Early in my first year of medical school, I was asked to sign a letter indicating that I promised to refuse gifts from pharmaceutical or medical-device manufacturing companies. I would give up lunches, pens and (if I were exceptionally lucky) free trips to faraway places.

I declined to sign. I thought myself intelligent enough to take a pen without unconsciously feeling wedded to whatever brand of anti-hypertensive decorated the exterior. In addition, I was at least three years from prescribing anything to anyone. Therefore, I reasoned, I could take all the pens and Indian food that came my way. When I really had some power, then I guess I could reconsider. And it wasn’t like I was accepting any trips to the Bahamas or anything.

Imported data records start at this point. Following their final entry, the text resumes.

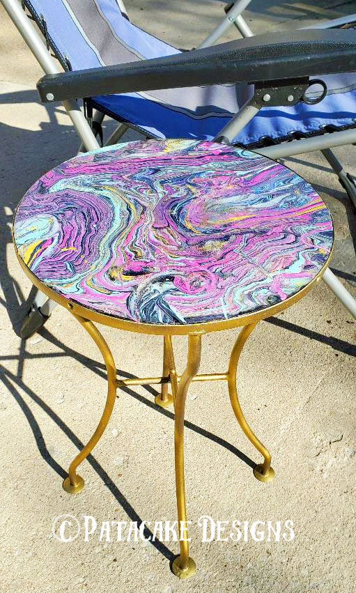 I am starting on my 2nd table top tomorrow. I know the pattern won't be the same, not with a fluid paint pour, but I'll use the same colors, so it will all work out.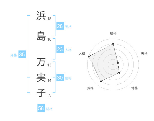 浜島 万実子さんを姓名の画数から五運を鑑定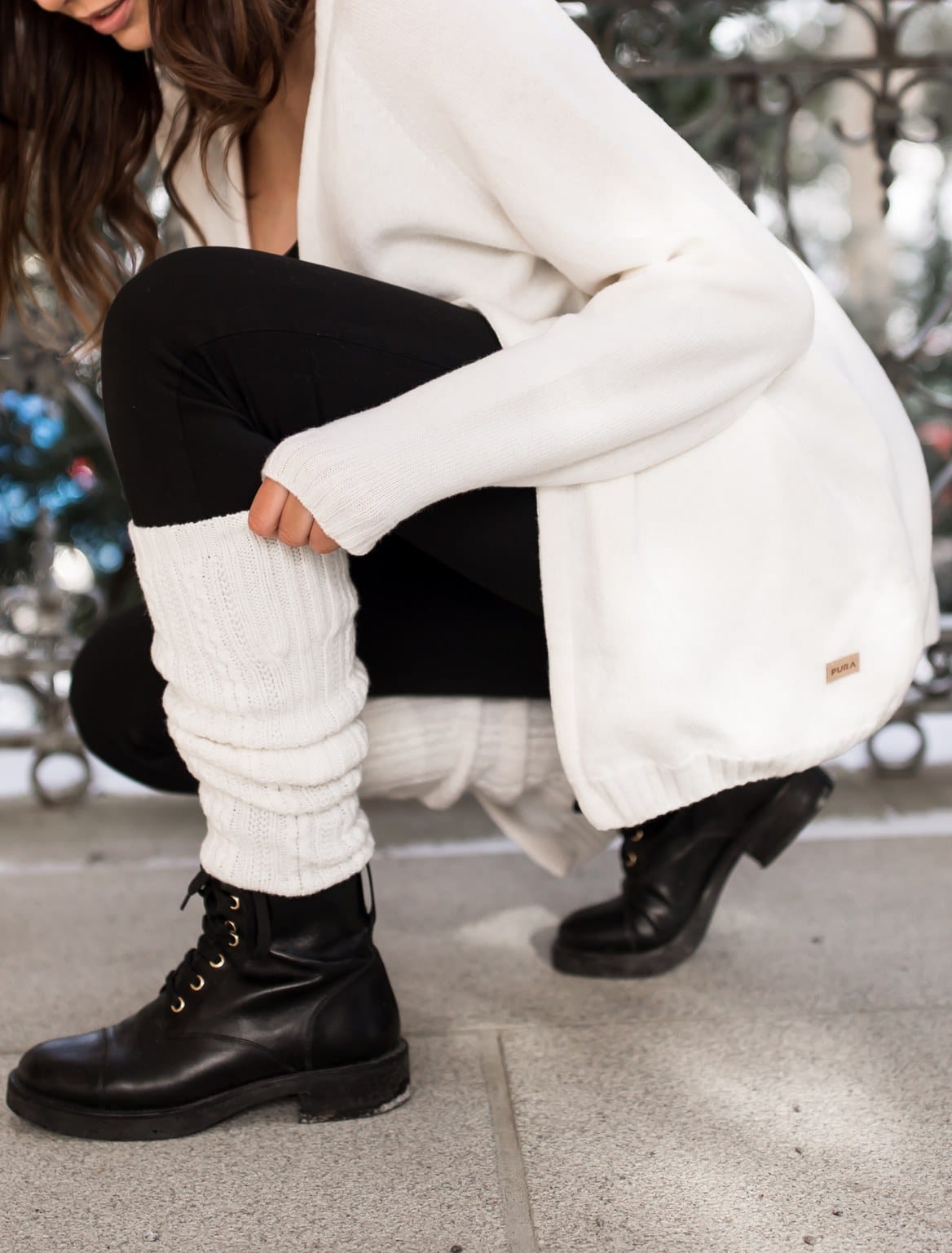 Pitkät villasukat, jotka tulevat yli polven. Sukissa on kaunista koristekirjailua ja joustava, resorimainen yläosa, jonka ansiosta sukat pysyvät ylhäällä. Ihanat over-knee villasukat, jotka näyttävät tyylikkäiltä ja tuntuvat pehmeiltä.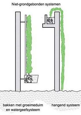 groengevel, niet-grondgebonden systemen (bakken met groeimedium en watergeefsysteem of volledig hangend systeem): ![]() |

A pen is worth less than a dollar.

The problem is, study after study has demonstrated that even little gifts like pens and lunches make a big difference in the prescribing habits of doctors. And developing relationships with doctors while they are still in training in medical school and residency is exceptionally effective. Most doctors develop their prescribing habits during this time. The drugs they learn to use in training are the drugs they are most likely to continue using throughout their career. This should have been no surprise. Big pharma is a sophisticated marketing machine. If the gifts didn’t work, they would have stopped giving them out.

Some states have begun requiring that pharmaceutical and medical-device companies disclose their marketing strategies: What do they give, and to whom? Lists of doctors and the gifts they have received have started to show up in registries. This has rightfully made some people uncomfortable. The idea is that if you are forced to disclose that AstraZeneca paid for your jaunt to Scotland, then maybe you’ll be less likely to accept such egregious gifts.

But disclosure has its own set of problems. Studies of conflict-of-interest disclosures in the context of research trials (many principal investigators are paid honoraria as pharmaceutical consultants or speakers, and drug makers often sponsor the trials that their drugs are involved in) show that disclosure does not necessarily benefit the patient or study participant. Patients interpret the conflict of interest as “solved” if it is disclosed. Instead of inviting closer scrutiny of the relationship between the doctor and sponsor, it appears to discourage questions and make the study participants feel more comfortable, not more suspicious. This is understandably a big problem and has spawned discussion about whether conflict-of-interest disclosure is really in the interest of the patient or if it just makes the doctor feel better.

Some physicians would argue that allowing drug reps access to their clinics provides free drug samples that are then available to patients who wouldn’t otherwise be able to afford their medication. In return for the free drugs, the pharmaceutical salesperson is granted five or 10 minutes of the physician’s time to “educate” him or her about the newest data supporting the drug they’re currently pushing. Free drugs certainly help to keep some patients healthy. But in addition to the biased “education” the physician receives — making him or her more likely to prescribe a particular drug — the samples provided are often only the newest and most expensive drugs. Older generic drugs are not provided as samples because the pharmaceutical companies have no interest in promoting drugs from which they make only a slim profit margin. There is a significant disadvantage to starting an expensive drug regimen in a patient who receives samples because his or her lack of insurance make even the cheaper generics financially out of reach.

Yale officially banned pharm reps from the hospital and medical school shortly after I arrived on campus. But this ban is only partially enforced. Device reps still often enter operating rooms to “advise” the surgeon on how to use the pricey hardware they’re selling, often talking up the newest, most expensive product while they’re around. And some departments simply moved their pharma-catered lunches across the street after the ban.

I must admit, despite the evidence, I’m still conflicted about the pens and food. It seems like everyone around me has no qualms about these gifts. Resident physicians at the hospital often get excited about pharma-sponsored dinners at Bentara or Central Steakhouse. I can’t help but feel uneasy about the expensive meals, but I still often take the pens. Maybe tomorrow I’ll head off to Staples and buy a big bag of Bics.

Karl Laskowski is a 2003 graduate of Yale College. He is a fifth-year student in the Yale School of Medicine.